You’re bound to attract fans of your work in any venture you take seriously.
You’ll realize that gaining followers of your work is easy when you dedicate yourself to delivering a good product. People will reach out. They’ll show appreciation of your work and they’ll share it among those they call close.
As you continue focusing on impressing yourself while others are captivated by your work, more fans will amass. You’ll realize how powerful the word of mouth is. Especially in the age of social media and search engines, your work will have the capacity to reach every corner of the globe.
You’ll be exposed to people who live by different codes. They have different customs, and they have habits you’ve not yet witnessed.
Some of your fans will make you feel uncomfortable. They’ll be too persistent in trying to get your attention. Counter intuitively, some of them may try baiting you with negativity. They’ll be loud, they’ll be persistent, and they’ll even be a little creepy.
This article is about discovering the best way to deal with fans that err on the side of turning into stalkers.
The assumption made on this page is that the fan(s) in question did / do not break any laws.

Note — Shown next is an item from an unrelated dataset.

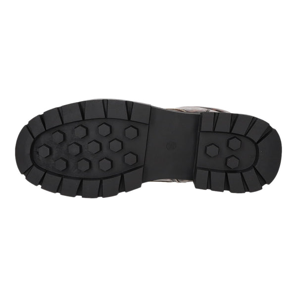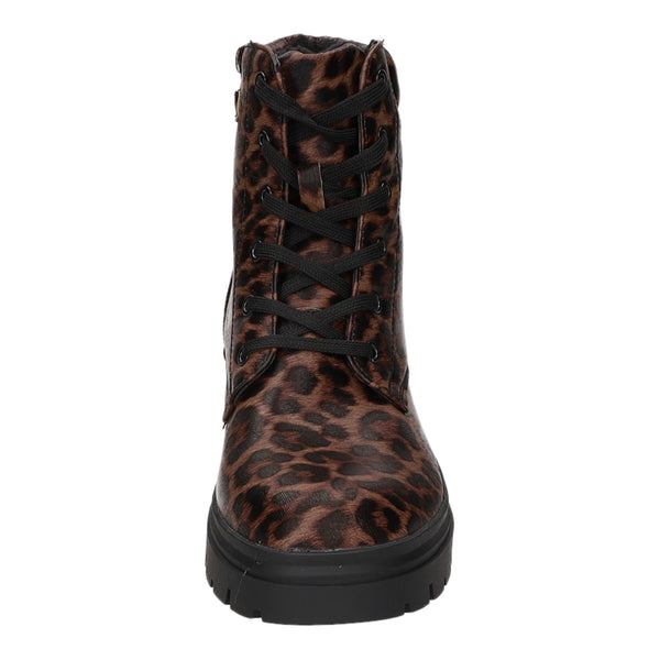 Das Obermaterial besteht aus weichem im Grundton braunem glattem Kunstleder.

The Reasonable Thought Processes of the Unreasonable Fan
When someone makes a concerted effort to capture your attention, your kind acknowledgement may work to cool their drive in the short term. However, as they think back to their interaction with you down the line, they’ll want more.
The overly attached seem to be good at reasoning their selfish desires in order to keep grasping for your attention. They’ll lie to themselves as to the reasons why they want your undivided attention. They’ll present reasons which seek to back their desire to be special in your eyes with some kind of logic.
They bought all your music, and have been following you since you had a measly 150 followers online. They know your poems by heart, and they’ve even been to all your shows when you travel to their part of town. They’ll exclaim why they deserve your attention and you’ll find it difficult to not grant them with it.
Don’t Reward, but Don’t Punish Their Persistence Either
You’ll seek for ways to handle the overly persistent. Their uncommon ways of knowing everything about you will make you want to act defensively. You’ll be creeped out by a few. With others, you wouldn’t want to engage.
In a defensive state of mind, you’ll think to kill them with kindness. You’ll be enticed to take the approach of kindly acknowledging them in hopes of satiating their desire to interact with you. You’ll think to yourself, “Perhaps if I show them kindness, their thirst for my attention will be quenched and they’ll leave me alone.”
You’ll likely be wrong.
Remember, the most demotivating thing for a fan who seeks to stand out is to be labeled the same as every other fan of yours.
Do not reward them for their sense of being special. Treat them like any other fan of yours.
Thank them for enjoying the work that you put out but keep things as professional as you can.
Don’t give the obsessed reason to continue navigating relentlessly toward their obsessions. Try to exit any conversations which get personal in nature and which deviate from the work that you’re known for. Make them feel average. Do so by remaining steady in the middle, not by rewarding or punishing their behaviors toward you.
Any attempts to shame or punish those who are obsessed with you can backfire also.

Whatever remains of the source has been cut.